For the (1, 16)30 configuration, the vectors are

\left(\begin{array}{c} \cos {\theta(1)} \\ \sin {\theta(1)} \end{array}\right) + \left(\begin{array}{c} \cos {\theta(16)} \\ \sin {\theta(16)} \end{array}\right) = \left(\begin{array}{c} \cos {0} \\ \sin {0} \end{array}\right) + \left(\begin{array}{c} \cos {\pi} \\ \sin {\pi} \end{array}\right) = \left(\begin{array}{c} 1 \\ 0 \end{array}\right) + \left(\begin{array}{c} -1 \\ 0 \end{array}\right)

So we haven’t been deluding ourselves. This configuration is balanced. That is about as much maths as I’m prepared to do in LaTex in a WordPress blog editor. So let’s implement this in R code:

library(magrittr)
theta <- function(n, N) (n - 1) * 2 * pi / N
tube <- function(theta) c(cos(theta), sin(theta))

Now, we can look at Peil & Hauryliuk’s configurations, for instance the first (1, 11, 14, 15, 21, 29, 30)30

positions <- c(1, 11, 14, 15, 21, 29, 30)
tubes <- positions %>% lapply(theta, N = 30) %>% lapply(tube)
c(sum(unlist(lapply(tubes, function(x) x[1]))),
  sum(unlist(lapply(tubes, function(x) x[2]))))

The above code 1) defines the configuration; 2) turns positions into angles and then tube coordinates; and 3) sums the x and y coordinates separately. The result isn’t exactly zero (for computational reasons), but close enough. Putting in their third configuration, (4, 8, 14, 15, 21, 27, 28)30, we again get almost zero. Even this strange-looking configuration seems to be balanced.

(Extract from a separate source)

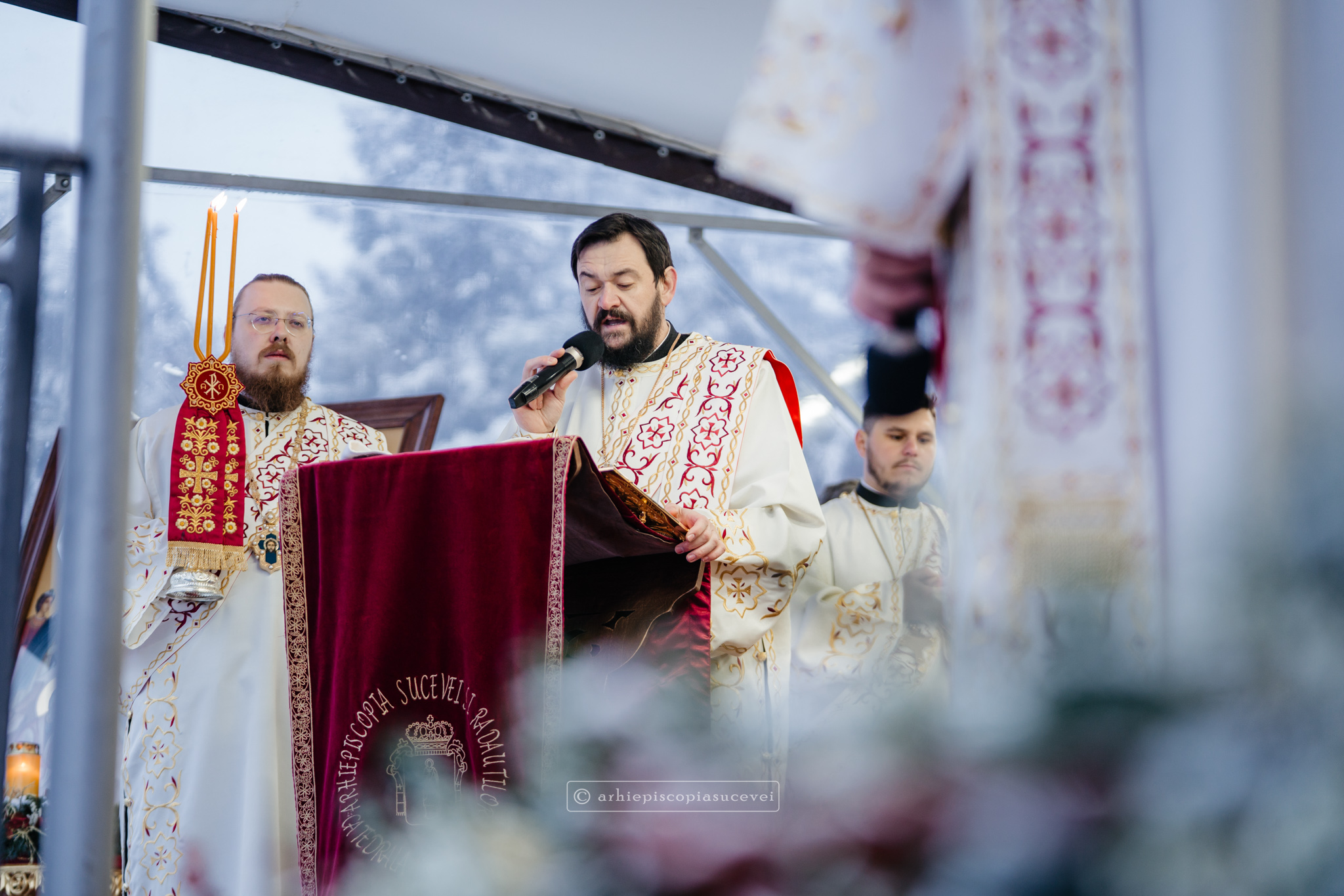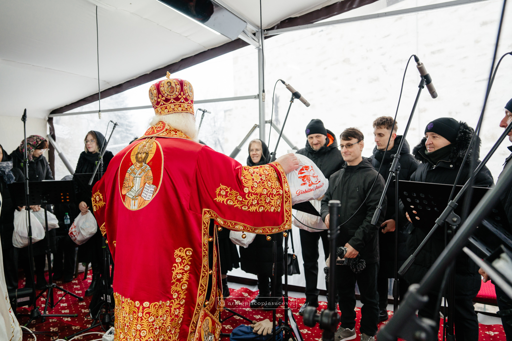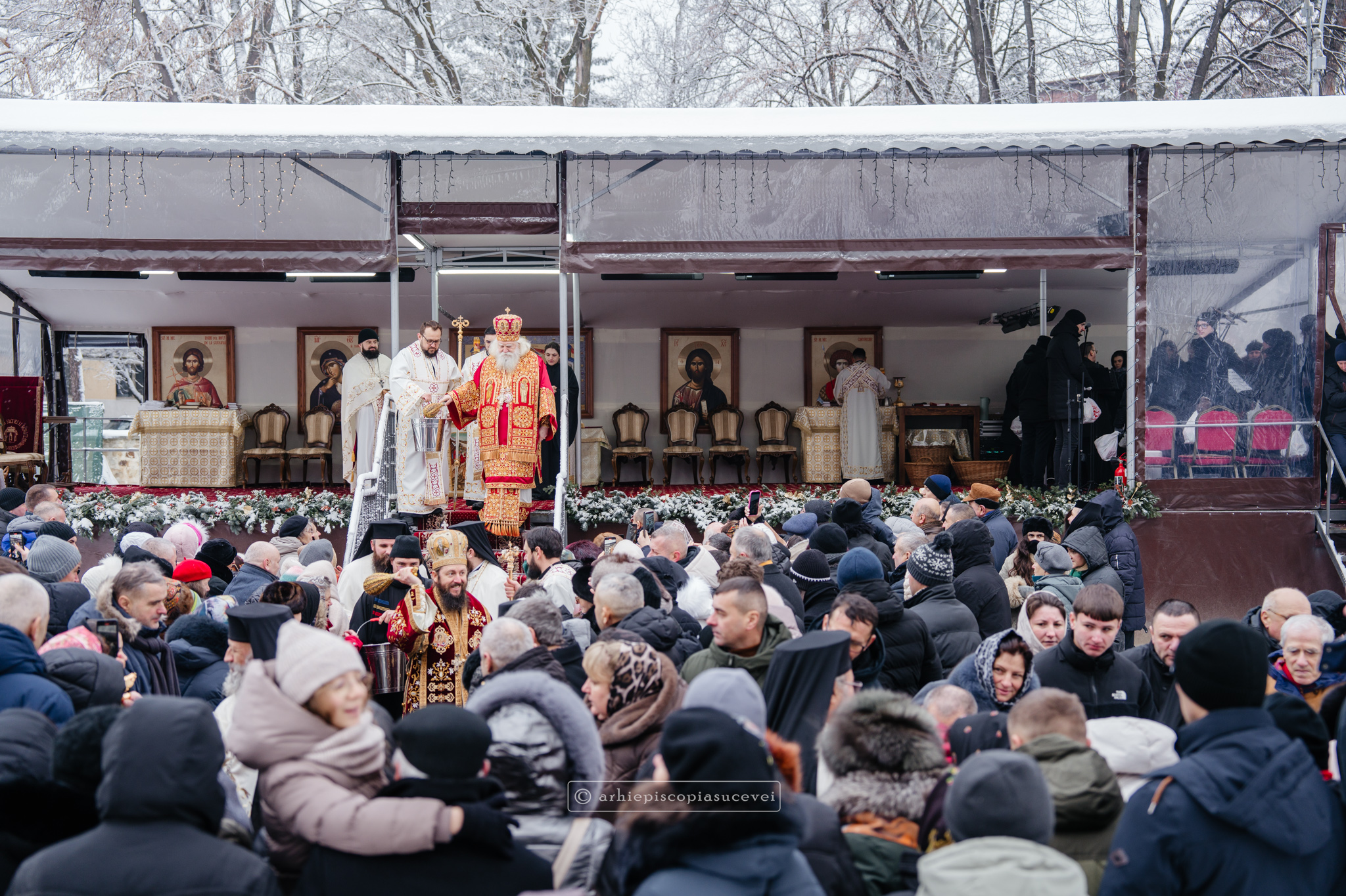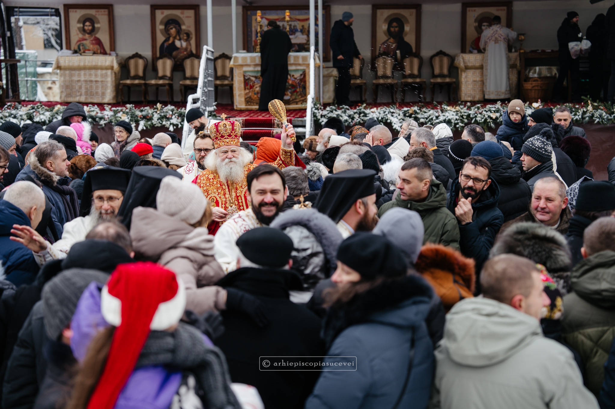 La sărbătoarea Nașterii Mântuitorului Iisus Hristos, 25 decembrie 2025, Sfânta și Dumnezeiasca Liturghie a fost săvârșită de Arhiepiscopul Sucevei și Rădăuților, Înaltpreasfințitul Părinte Calinic, și de Episcopul-Vicar, Preasfințitul Părinte Damaschin Dorneanul, împreună cu un sobor de preoți și diaconi, pe un podium special amenajat în imediata apropiere a clopotniței Bisericii „Sfântul Mare Mucenic Gheorghe, purtătorul de biruință”. Din soborul slujitor au făcut parte clerici ai Centrului Eparhial Suceava, precum și slujitori de la Mănăstirea „Sfântul Ioan cel Nou”, îndrumați duhovnicește de arhim. Serafim Grigoraș.

I’m biased because I read the text first, but if someone asked me, I would have to think about the first two configurations, and there is no way I would allow a student to run with the third if I saw it in the lab. That conservative attitude, though not completely scientific, might not be the worst thing. Centrifuge accidents are serious business, and as the authors note:

Finally, non-symmetric arrangement (Fig. 1C) was recognized as balanced by 17% of researchers. Some of these were actually calculating moment of inertia, i.e. were coming to solution knowingly, the rest where basically guessing. The latter should be banished from laboratory practice, since these people are ready to make dangerous decisions without actual understanding of the case, which renders them extremely dangerous in the laboratory settings.

(Plotting code for the first figure is on Github.)